Dumb show, decent movie: Ryan Gosling and Emily Blunt are amazing—but nobody cares about ‘The Fall Guy’

The conversion of an old TV show into a big-budget movie results in some relatively good times with The Fall Guy, directed by David Leitch (Deadpool 2) and starring the one and only Ryan Gosling as the title character.

The TV show, which aired from 1981 to 1986, starred Lee Majors as Colt Seavers, a movie stunt guy who moonlights as a bounty hunter. The new version eschews the bounty-hunter part, focuses on the whole stunt-guy thing, and throws in a kidnap/murder mystery. Lots of mayhem ensues involving stunts, things blowing up, and occasional fights with bottles.

But there’s a problem here: Nobody cares about The Fall Guy. It was a half-baked concept to begin with. The show kind of stunk, and its relevance, if it ever had any, is lost on most people on the planet right now. (The dude I saw the movie with had no idea it was even a TV show.)

What’s not a problem: The charisma of Gosling and his hilarious co-star, Emily Blunt, as a former flame-turned-film director.

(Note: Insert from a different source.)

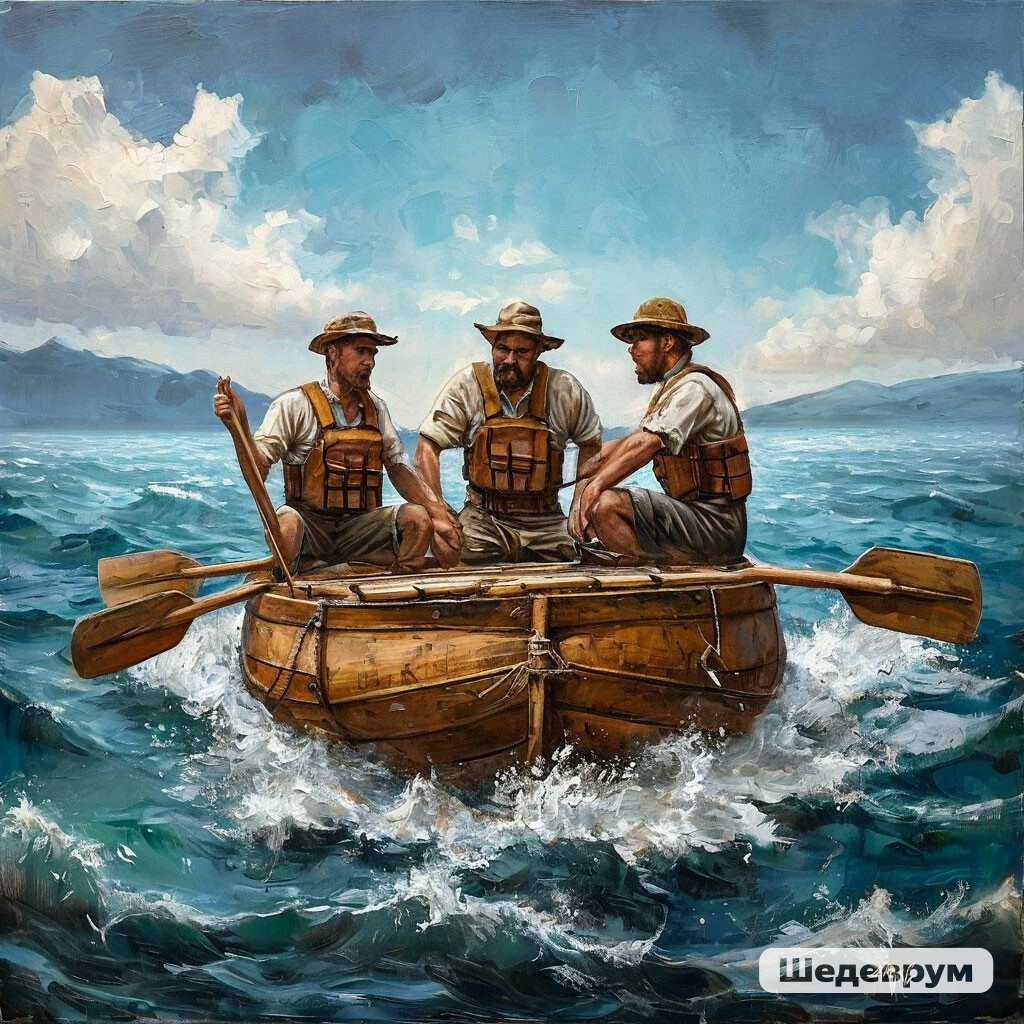 Вася, Костя и Сёга дружили с детства. Они проводили много времени вместе, играли в футбол, гуляли по лесу и купались в речке. Но однажды они решили построить плот и отправиться на нем в путешествие по реке. Ребята устроились на берегу, целый день трудились, сооружая плот. Каждый внёс свой вклад: Вася был идейным вдохновителем и организатором, Костя – ловкий монтажник, а Сёга – профессионал в обработке древесины. Они начали собирать материалы для плота. Вася нашел несколько бревен, Костя принес веревки и гвозди, а Сёга раздобыл весла. Ребята работали вместе, помогая друг другу и стараясь сделать плот как можно лучше. В итоге, плот был готов. Друзья радостно осмотрели свое творение и спустили его на воду. Они уселись на плот и поплыли вдоль берега, наслаждаясь солнечным днем и природой вокруг.Он был большим и прочным, и ребята были уверены, что смогут безопасно пересечь реку. Они загрузили на плот все свои вещи и отправились в путь. Первые несколько часов плавания прошли гладко. Ребя

The two stars are great together, which results in large parts of this movie being a whole lot of fun. When they are on the screen together, the movie pops.

The major subplot, which includes Tom Ryder, the movie star for whom Colt is doubling (a funny Aaron Taylor-Johnson), is fine, if a bit hard to follow at times. When Taylor-Johnson is allowed to riff, he continues to show he’s at his best when he’s being a wiseass. (I loved him in Bullet Train.) If I had my druthers, I would’ve turned this into more of a buddy movie between Colt and Tom; instead, the screenplay opts for something a little more antagonistic that leads to a rather silly ending.

There I go, sounding like I didn’t like the movie, when I really did. You can find far worse ways to pass your time than watching Gosling and Blunt trading lines. They could make any scrap heap of a screenplay worthwhile with their mere presence.

Things in this movie generally blow up real good, too. Leitch, who can certainly direct an action scene, stages some great stunts. The sizable amount of money spent on this movie is evident: There are some car jumps that defy belief, and the pyrotechnics are first-rate.

The Fall Guy was supposed to be the giant kickoff to the summer movie season. Despite most critics liking it, audiences simply haven’t shown up. Even though nobody knows anything about The Fall Guy TV show, it’s still a surprise; I thought the star power would drive this one.

Making The A Team into a movie was a bad idea, and The Fall Guy is enduring a similar fate. While this one is much better than The A Team film was, nobody really seems to care about stupid ’80s TV shows anymore. Here’s to a healthy streaming life for The Fall Guy!

Stick around for an end-credits cameo that will have your younger friends asking, “Who the hell is that, and what’s the deal with this movie? Did it exist as something else before?”

And let’s be clear about one thing: Even though the movie doesn’t quite match his majesty … RYAN GOSLING RULES!